IK (Inverse Kinematics)
The calculation of joint angles required to place a robot’s end-effector at a desired position and orientation, often computationally challenging.
Imitation Learning
Training robots by observing expert demonstrations (human or synthetic), bypassing manual reward function design.
Impedance Control
A motion-based control strategy where a robot behaves like a mechanical impedance (mass-spring-damper) at its end-effector for compliant interaction.
IMU (Inertial Measurement Unit)
A device combining accelerometers and gyroscopes (sometimes magnetometers) to measure orientation, velocity, and gravitational forces.
Industrial Automation
Integration of robots, PLCs, and conveyors to perform repetitive manufacturing tasks with high precision and throughput.
Industrial Robot
A programmable, automated machine used in manufacturing for tasks like welding, painting, assembly, and material handling, typically in a caged environment.
Industry 4.0
The fourth industrial revolution characterized by smart factories, IoT, AI, and interconnected autonomous robots and systems.
Inertia
The resistance of a robot’s body or link to changes in its state of motion; a key parameter in dynamic modeling and control.
Inertial Measurement Unit (Imu)
A sensor that measures acceleration and angular velocity to determine orientation and movement.
Inertial Navigation
A self-contained navigation method using IMU data to estimate a robot’s position and orientation without external references.
Inspection Robot
A robot designed to examine infrastructure, pipelines, buildings, or industrial equipment for defects, corrosion, or wear.
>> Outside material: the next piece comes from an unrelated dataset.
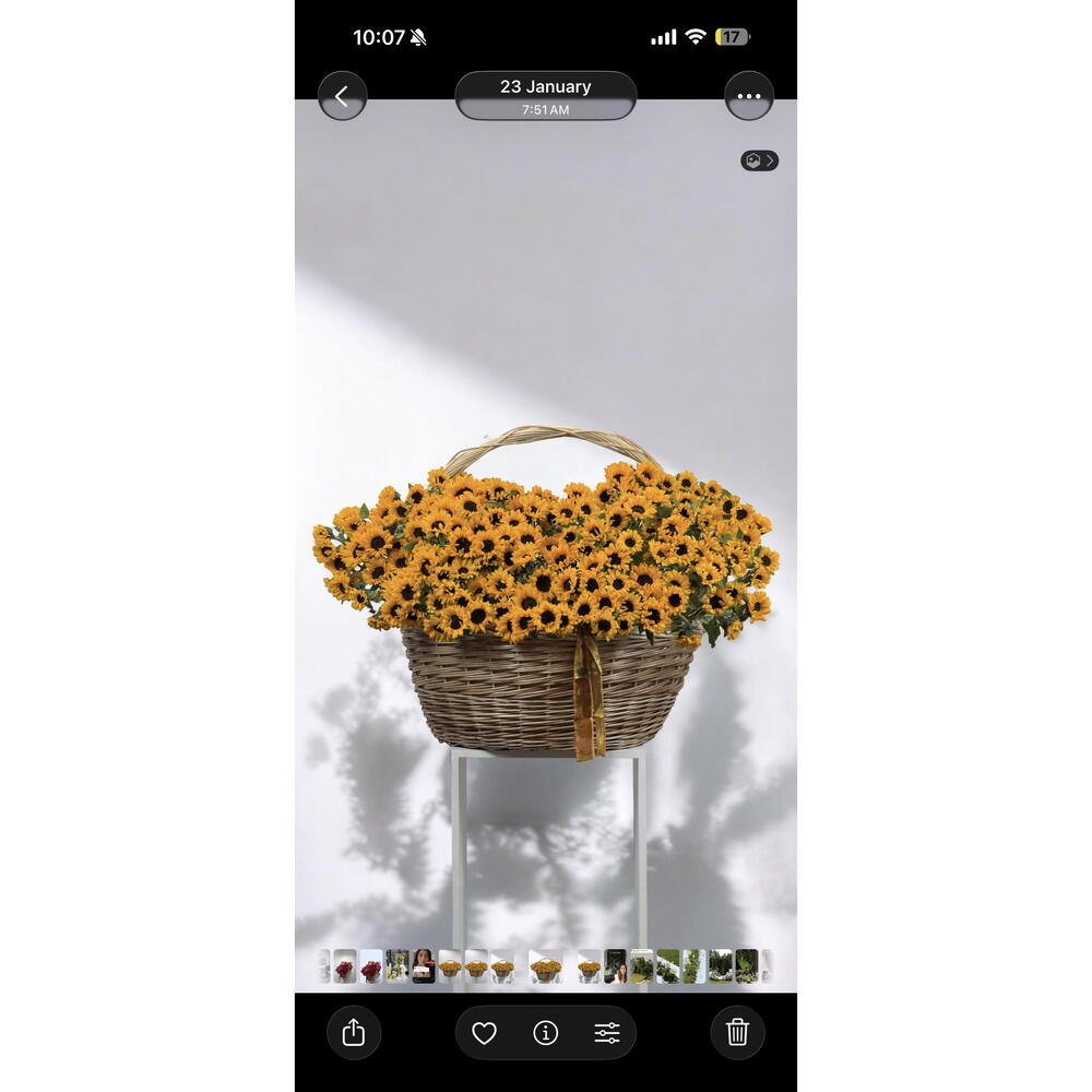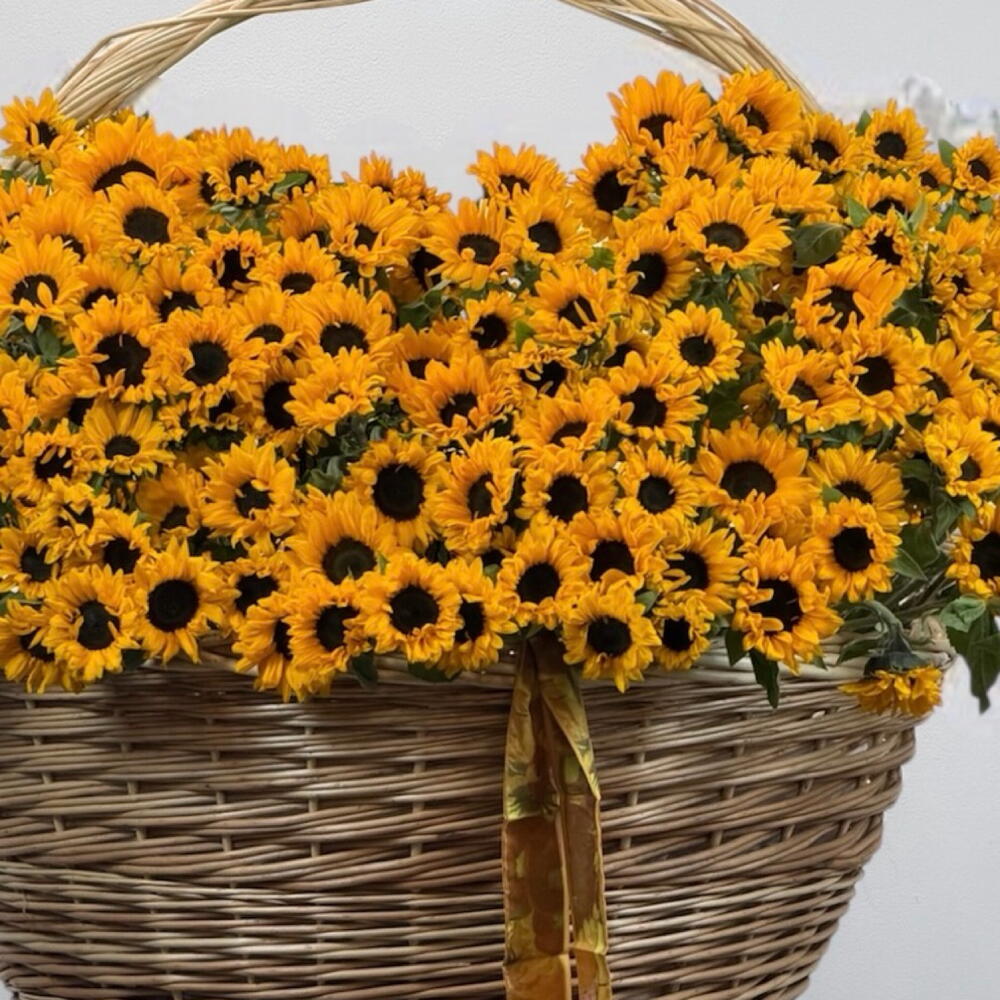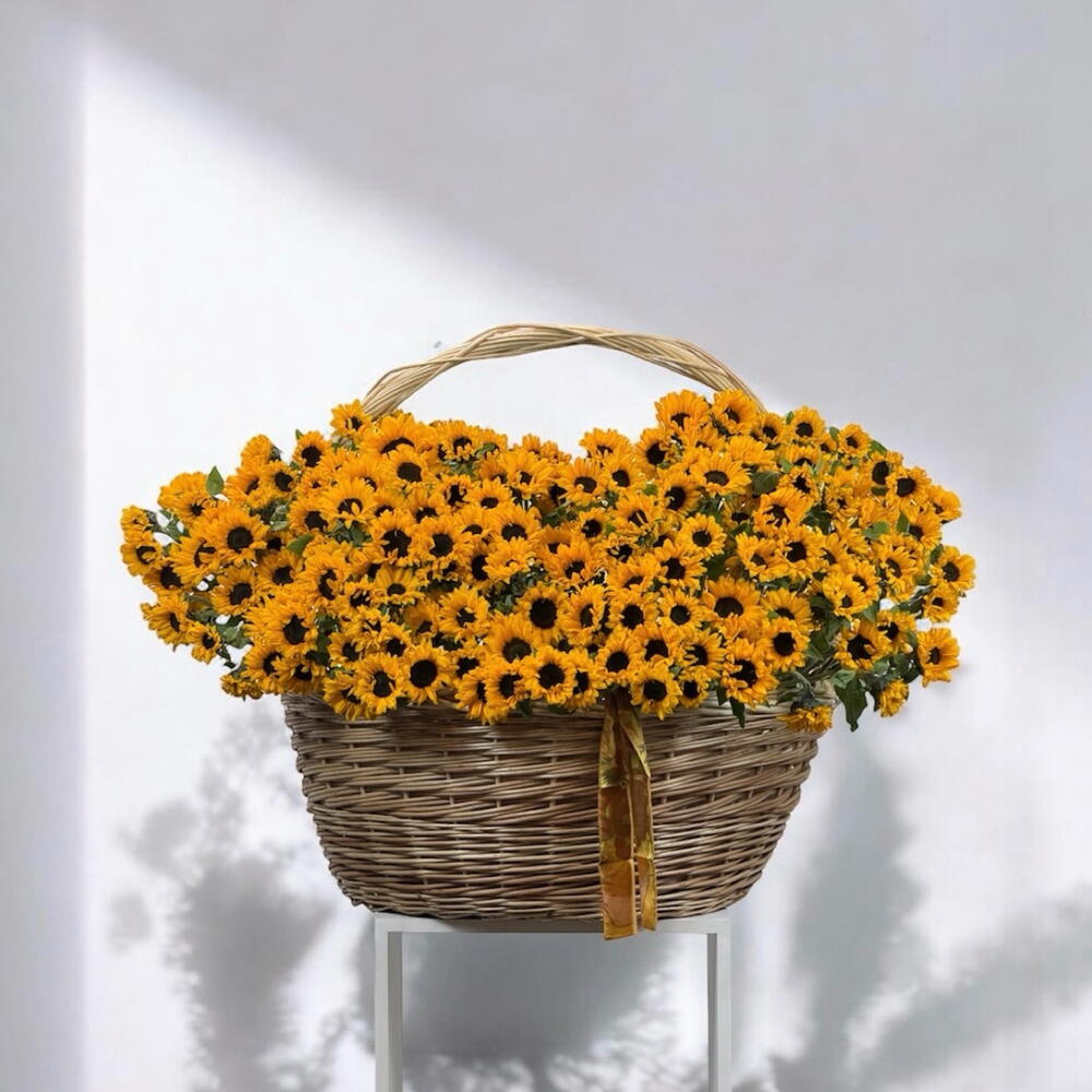 A vibrant overflow of sunflowers in a handcrafted wicker basket — bold, joyful, and full of warmth. Perfect for birthdays, congratulations, or simply to brighten someone’s day. 🌻✨

Integrated Development Environment (IDE)
A software application providing comprehensive tools for writing, testing, and debugging robot control programs.
Integration
The process of combining robot hardware, software, sensors, and tooling into a complete working system for a specific application.
Intelligent Robot
A robot equipped with AI capabilities enabling it to perceive, learn, reason, and adapt to complex and changing environments.
Intent Recognition
Algorithms that predict human goals from gestures, gaze, voice, or physiological signals to enable proactive robot responses.
Inverse Dynamics
The calculation of required joint torques/forces to produce a desired robot motion, essential for model-based control.
Inverse Kinematics
The computation of joint angles required to achieve a desired end-effector position and orientation.
IoT (Internet of Things)
The network of interconnected devices and sensors that enables robots to share data and coordinate with other systems over the internet.
IPC (Industrial PC)
A ruggedized computer used to run robot control software in harsh industrial environments with real-time requirements.
Isaac Sim
NVIDIA’s robotics simulation platform for designing, testing, and training robots using synthetic data and GPU-accelerated physics.
ISO 10218 / ISO/TS 15066
International standards defining safety requirements for industrial robots and collaborative robot applications.